I get the following error, while trying to validate XML using a schema:

lxml.etree.XMLSchemaParseError: Element '{http://www.w3.org/2001/XMLSchema}attributeGroup', attribute 'ref': The QName value '{http://www.w3.org/XML/1998/namespace}specialAttrs' does not resolve to a(n) attribute group definition., line 15

The issue is reproducing with lxml>= 6.0.0 and only on Linux (tested on Ubuntu 20 and 22).

lxml version 6.0.2 works well on Windows systems (10 and 11).

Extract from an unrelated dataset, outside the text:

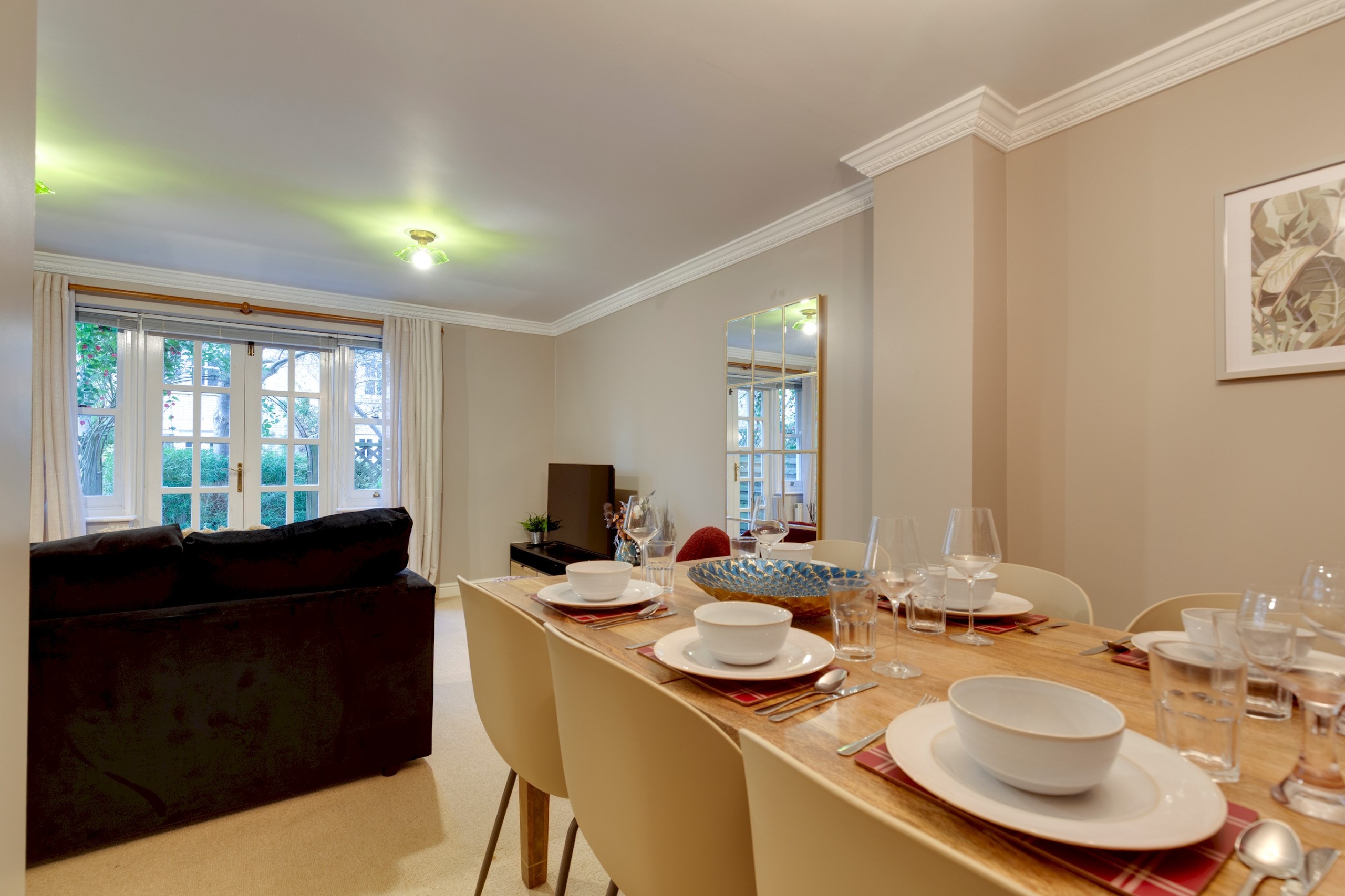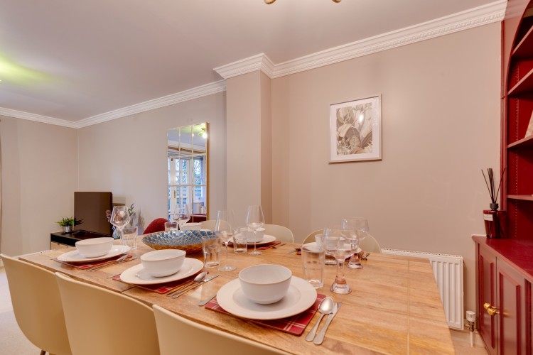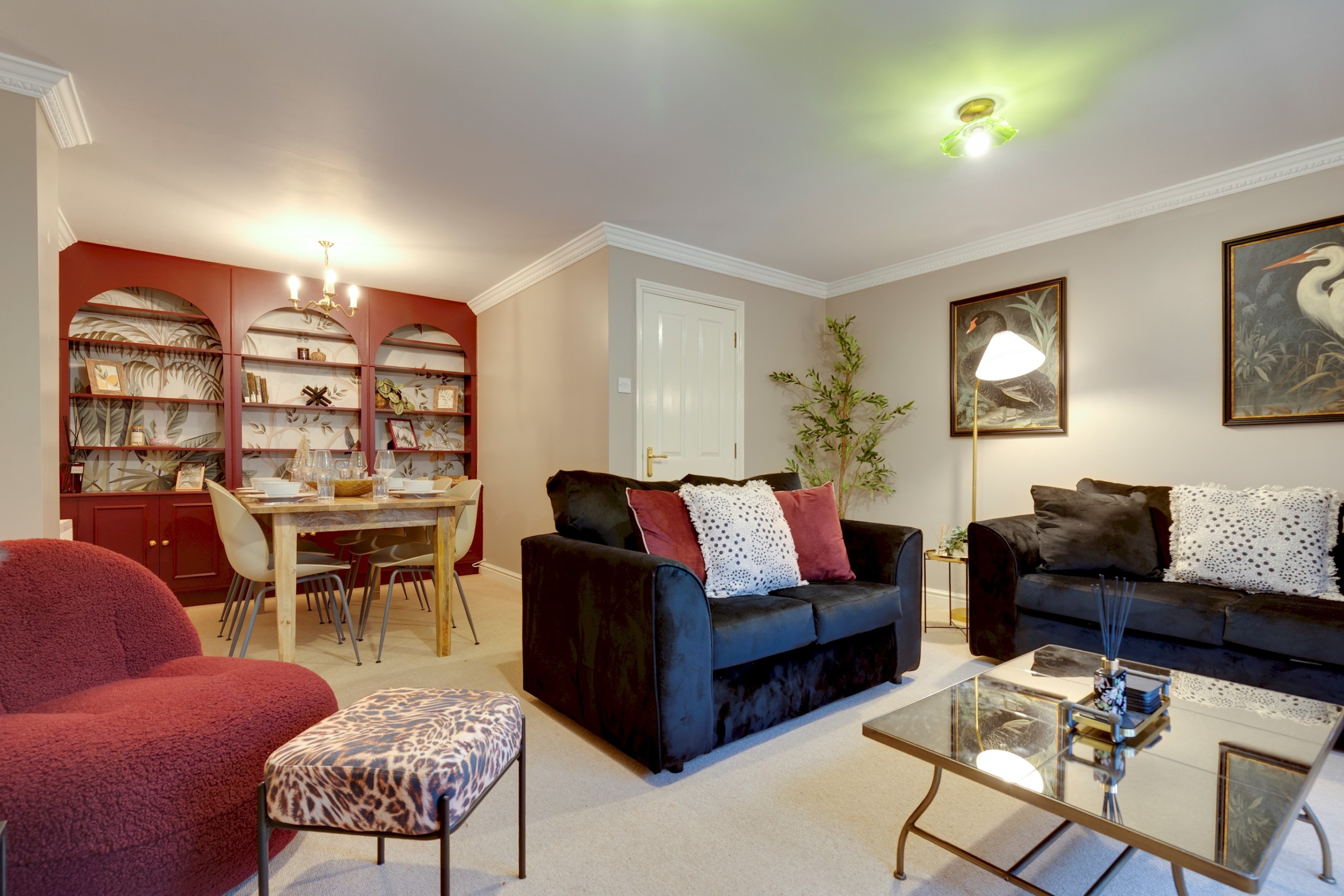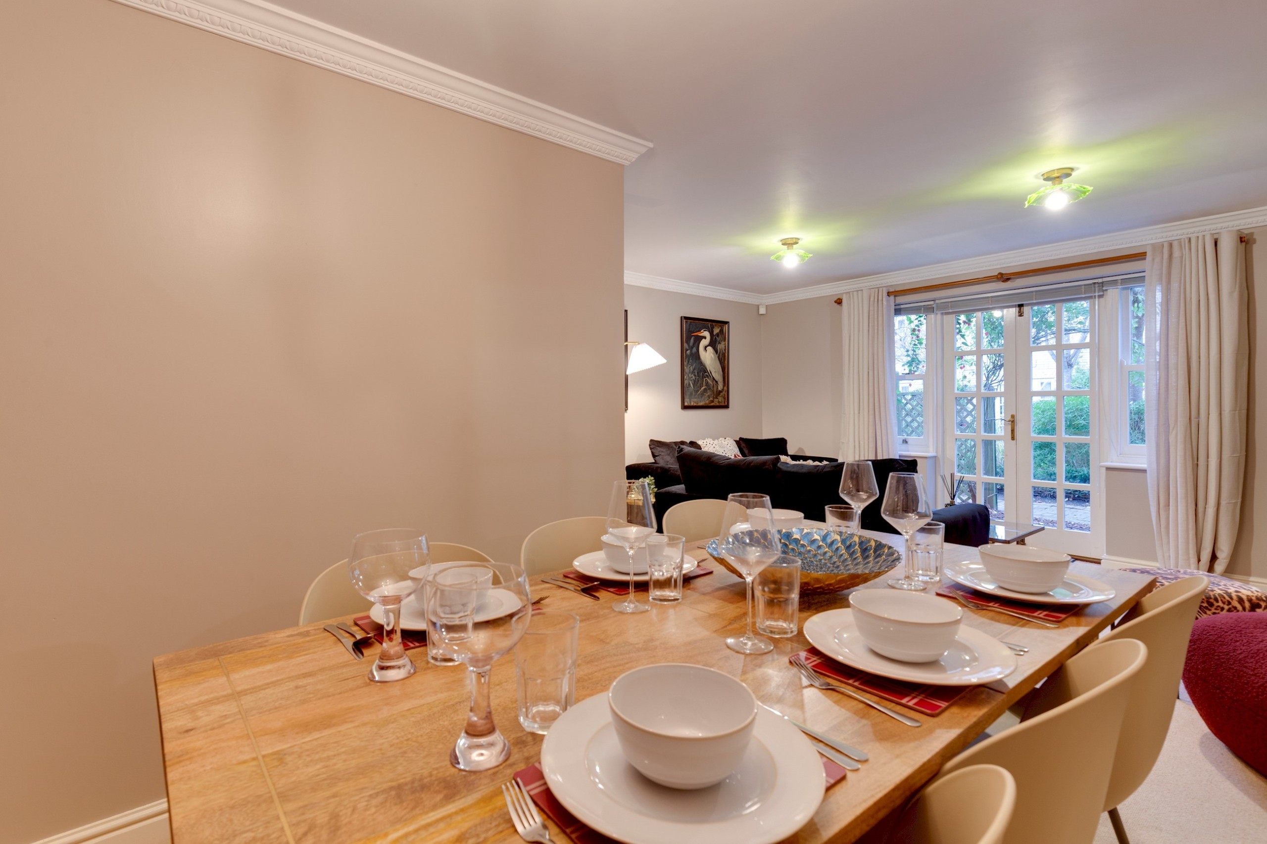 A well appointed open plan living/dining area with a 50 inch Smart TV with all your favourite TV and Streaming channels available to watch. Own account required for streaming channels. There is also a dedicated working desk in the Second bedroom to work from and a fast wifi connection. A small outdoor patio space with outdoor furniture, is connected to a large communal garden.

Below is a simplified example of my use case.

main.xml

<?xml version="1.0" encoding="UTF-8"?>
<root xmlns:xi="http://www.w3.org/2001/XInclude">
    <title>Main XML</title>
    <elements>
        <element name="main element" foo="main foo">This text is from main.xml</element>
        <xi:include href="include.xml" parse="xml" xpointer="xpointer(/elements/element)"/>
    </elements>
</root>

include.xml

<?xml version="1.0" encoding="UTF-8"?>
<elements>
    <element name="element1" foo="foo1">Text 1: This content is included from another file.</element>
    <element name="element2" foo="foo2">Text 2: This content is included from another file.</element>
    <element name="element3" foo="foo3">Text 3: This content is included from another file.</element>
</elements>

transform.xslt

<?xml version="1.0" encoding="UTF-8"?>
<xsl:stylesheet version="1.0"
    xmlns:xsl="http://www.w3.org/1999/XSL/Transform">

    <!-- Identity transform: copy everything by default -->
    <xsl:template match="@* | node()">
        <xsl:copy>
            <xsl:apply-templates select="@* | node()"/>
        </xsl:copy>
    </xsl:template>

    <!-- Match only <message> with name="message2" and override foo -->
    <xsl:template match="element[@name='element2']">
        <xsl:copy>
            <xsl:apply-templates select="@*"/>
            <xsl:attribute name="foo">spam</xsl:attribute>
            <xsl:attribute name="name">message99</xsl:attribute>
            <xsl:apply-templates select="node()"/>
        </xsl:copy>
    </xsl:template>

</xsl:stylesheet>

schema.xsd

<?xml version="1.0" encoding="UTF-8"?>
<xs:schema xmlns:xs="http://www.w3.org/2001/XMLSchema" elementFormDefault="qualified">
    <xs:import namespace="http://www.w3.org/XML/1998/namespace" schemaLocation="http://www.w3.org/2009/01/xml.xsd"/>
    <xs:element name="root">
        <xs:complexType>
            <xs:sequence>
                <xs:element name="title" type="xs:string"/>
                <xs:element name="elements">
                    <xs:complexType>
                        <xs:sequence minOccurs="1" maxOccurs="unbounded">
                            <xs:element name="element" minOccurs="1" maxOccurs="unbounded">
                                <xs:complexType mixed="true">
                                    <xs:attribute name="name" type="xs:string" use="required"/>
                                    <xs:attribute name="foo" type="xs:string" use="required"/>
                                    <xs:attributeGroup ref="xml:specialAttrs"/>
                                </xs:complexType>
                            </xs:element>
                        </xs:sequence>
                    </xs:complexType>
                </xs:element>
            </xs:sequence>
        </xs:complexType>
    </xs:element>

</xs:schema>

Line 15 in schema.xsd is needed for the case when include.xml is not in the same directory as main.xml and it's referenced via a relative path.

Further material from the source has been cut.